Well actually, no we don’t and we’re sick of it.

It appears to me to be this blithe acceptance of New Labour’s relaxed attitude to wealth, privilege and the status quo that has rankled so many; that and both papers’ continued promotion of well-off, well-connected nobodies who aspire to tell us feckless, idle proles what to think, as though being born bourgeois is the new divine right of kings.

This in a week which has not only seen several political nepotism scandals but also the publication of Nick Davies’ expose of the inherent corruption of British journalism.

Readers were already angry at the media: dear, sweet, young, disingenuous Max’ execrable blogpost was merely the spark to some bone-dry tinder.

Because the Guardian and Observer have been the only online newspapers in which some of us jaded cynics have retained a modicum of trust (despite Aaronovitch’s war-cheerleading, Polly Toynbee’s nosepeg and Jackie Ashley’s increasingly painful moral contortions in support of Labour) we’ve even stayed loyal when Labour ministers have been given column inches to publish ghostwritten lies and egregious spin.

But try complaining about the poor quality and shoddy commissioning of a trivial travel article – for this we stupidly loyal readers are accused of being a baying mob of jealous wannabes. Silly us for thinking a comment facility meant that some honest feedback was wanted or needed : as with New Labour government, comment and consulation is for show only. The Guardian/Observer, being as it is effectively an adjunct to and labour exchange for the government, has become in the last decade as thoroughly corrupted as every other British institution.

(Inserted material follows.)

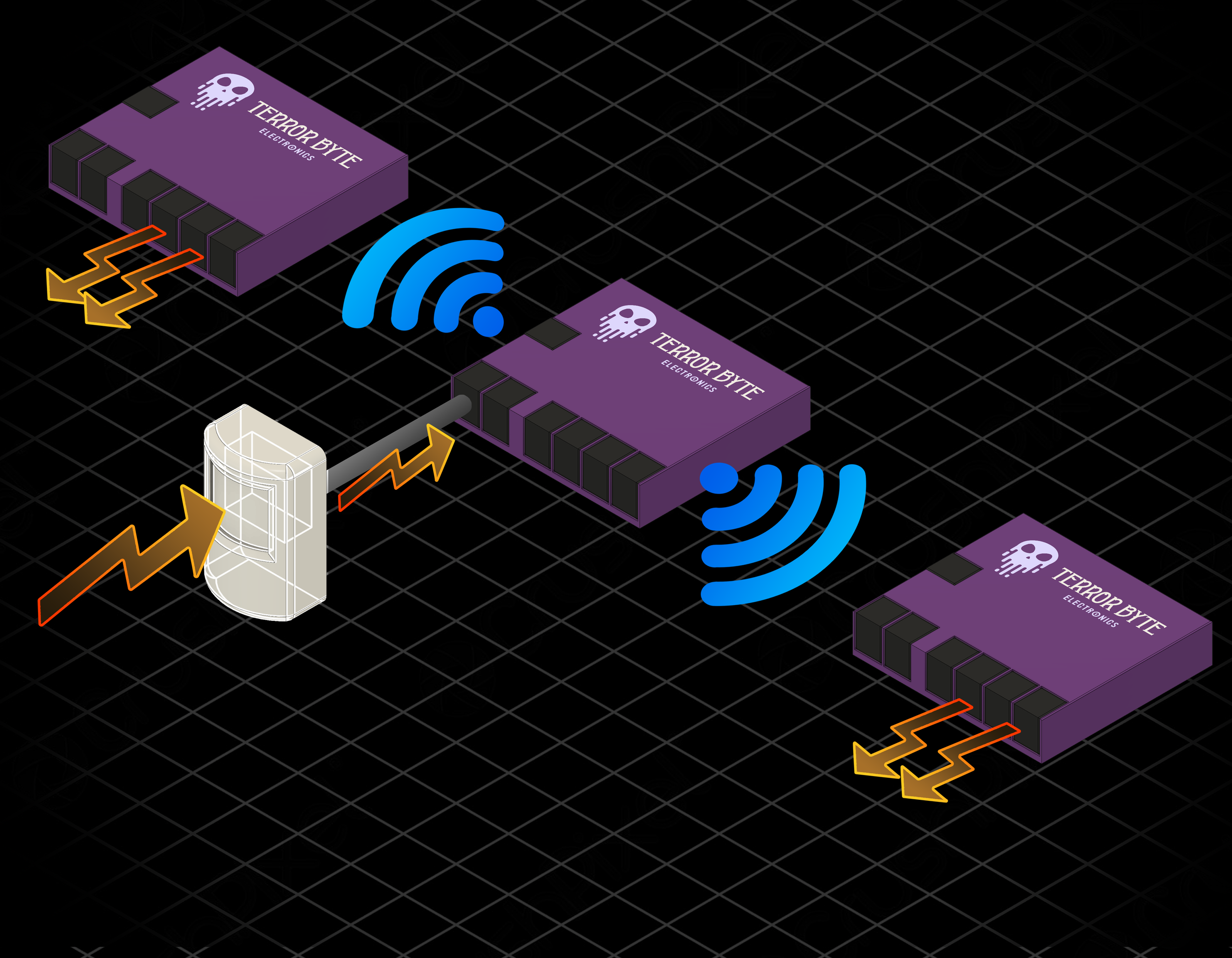 Our controllers communicate directly with each other over 2.4Ghz to coordinate shows.

Max’ original blog is almost irrelevant now, except as a the spark that ignited a small blaze of public comment: though I suppose it has also had the useful side-effect of labelling skinny jeans as irredeemably naff, so it wasn’t a complete waste of time.

A couple of years ago The Washington Post had its own issues with commenters pointing out its hypocrisy and the readers editor, Deborah Howell, handled it about as badly as it could possibly be handled, thus damaging the paper’s remaining reputation still further.

The Guardian seems to have learned nothing from that: perhaps it could use Howell at the next awayday as a case study of what not to do? Similarly they could also use your CIF post as a warning –

  • Don’t treat your CIF readers like idiots, because they’re mostly not.
  • Don’t troll in one forum and then admit it on your own personal blog – it just makes you look like a hypocrite.